Когда она вновь смотрит на место преступления, видит не освещение, а театральные прожекторы. Расположение световых пятен не случайное, в нем чувствуется рвение — и тут соображения Дианы Хантер о том, что надо разрываться на части, уважили буквально. Агония и немыслимый страх выписаны кровью на сером полотне дороги. Это демонстрация, победное шествие. Здесь преступление — не преступление, точнее, его преступность — побочный эффект, конверт, в котором ей доставили послание. Это код, шифр, и смерть в нем — лишь удобное средство.
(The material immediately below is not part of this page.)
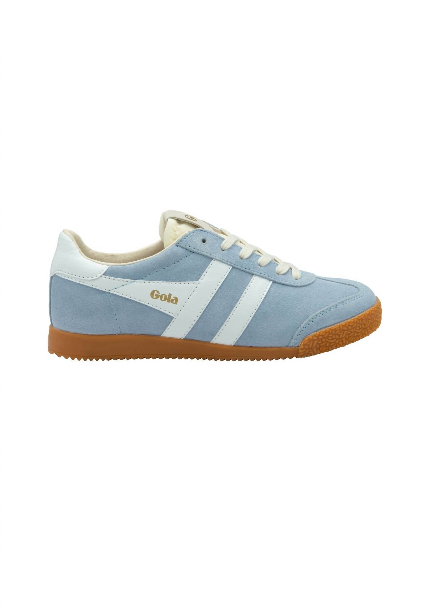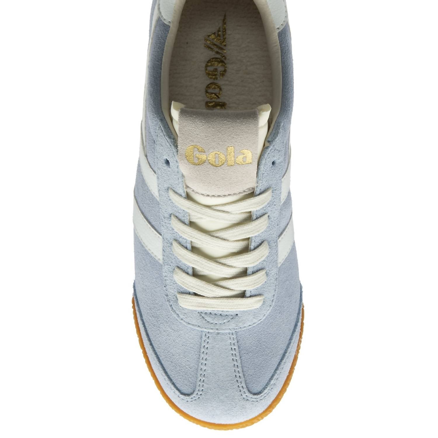 Get your daily steps in with these adorable sneakers. Elevate your sneaker game with the Gola Women's Elan Sneakers in this season's vibrant air/white colorway. These low-top court sneakers combine a throwback silhouette with colorful leather and suede, finished with a durable rubber sole. Originating from the classic court style with a lace-up design, they're perfect for summer streetwear and back-to-school occasions. Composition: Leather, suede, and rubber.

Инспектор чувствует внезапный холод. Если Диана Хантер пожертвовала собой, чтобы наглядно показать свою точку зрения, а Смит стал орудием ее самоуничтожения, а теперь он убит, чье послание здесь написано? Начальства Смита? Его сообщники призывают друг друга к верности и молчанию под угрозой смерти? Или это работа Дианы, все было запланировано еще до ареста, а теперь воплощается в жизнь? Тогда — кто еще в ее списке? Помощники Смита при дознании? Нейт накладывает запрет на выезд для всех, у кого были со Смитом сильные профессиональные связи: его первый круг. Явиться для немедленной дачи показаний.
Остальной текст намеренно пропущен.